Wednesday 11th and Friday 13th January
Suze and l were working in the Butchery Garden last Wednesday and Friday for just over five hours for the week and working on clearing out and tidying up the flower beds. Suze would say she drew the long or wrong end of the straw, given that she is involved in the extensive clearing of the second bed, a long stretch of overgrown soil.

The first bed she managed to tidy up in quick order the week before last. It took a few hours only, but then it wasn’t overcrowded like the second bed was and still is in the uncleared zone.


I have worked on the tidy-up of mostly the lower end of the third bed and the entirety of the fourth bed. But considering the second flower bed, three and four are much easier – well, ish.


The biggest problem with any overgrown flower beds is the inclusion of the word ‘overgrown’. Four was easy as it doesn’t have much except space to plant into.


Three is quite a long bed, and whilst it is busy regarding plant occupancy, but nothing like the second bed.


The Butchery garden is quaint and quirky if you wish to look at it romantically – but if you want to look upon it in a practical sense – it then becomes overcrowded, unorganised and awkward. The task Suze and l have is to return the garden to a more romantic vision – but with a sustainable edge.


Before our friends bought the house in the early spring of 2020, the previous owners didn’t know precisely the direction they wanted for a courtyard garden, so they threw in a little bit of this, a splash of that and a smidgen of everything else they could find. According to our friends, when they finally looked at their new garden, they found a jungle of wildly overgrown foliage and growth!
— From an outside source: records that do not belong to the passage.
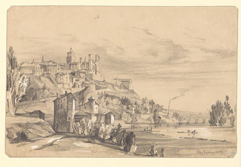 signé et daté en bas à droite : au crayon : Ch. Labor 1838 ; inscription, Au verso : Vue de Béziers
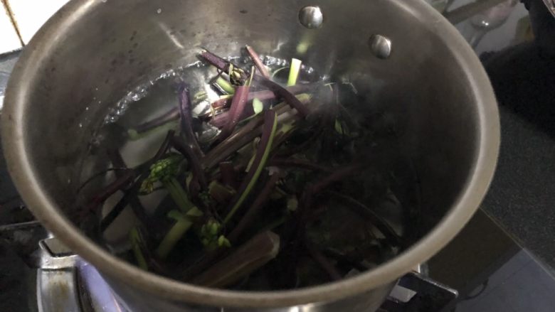 原本是楚地特产的红菜苔,现在已飞入大江南北。传统做法是炒腊肉,我就来个清淡版的吧!
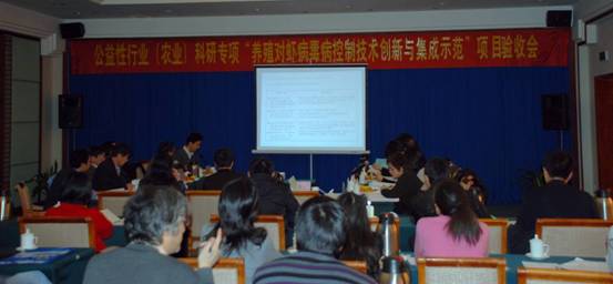 項目首席專家黃倢研究員代表項目組向驗收組匯報了“養殖對蝦病毒病控制技術創新與集成示范”項目的總體執行情況、取得的關鍵技術成果和效益以及財務管理情況;國家海洋局第三海洋研究所、水科院南海所、中國海洋大學、中科院海洋研究所等12家協作單位分別就子項目的執行情況進行了匯報。

Our friends work in London, and not long after they bought the house, covid struck, and lockdowns arrived so they couldn’t travel to Sandwich easily. When eventually they could, the garden was significantly worse for wear, so they tackled the garden as best as able, but of course, more lockdowns arrived, and as they were in London for most of the time, they found that their garden fell to even more wild abandonment.


Following the lifting of the third lockdown in March 2021, they were finally able to get a handle on their garden. However, they were still working in London Monday to Friday so they decided to take on the services of a local gardener who performed well until roughly June/July 2022, when they found they could no longer do the gardening.


Suze and l viewed the garden last October and started work in early December, delayed from an earlier start due to poor weather in November. This all means that the Butchery garden had been without a gardener since mid summer, and in that time, a lot of things happened. Most of it is down to nature being able to take hold of an unattended garden.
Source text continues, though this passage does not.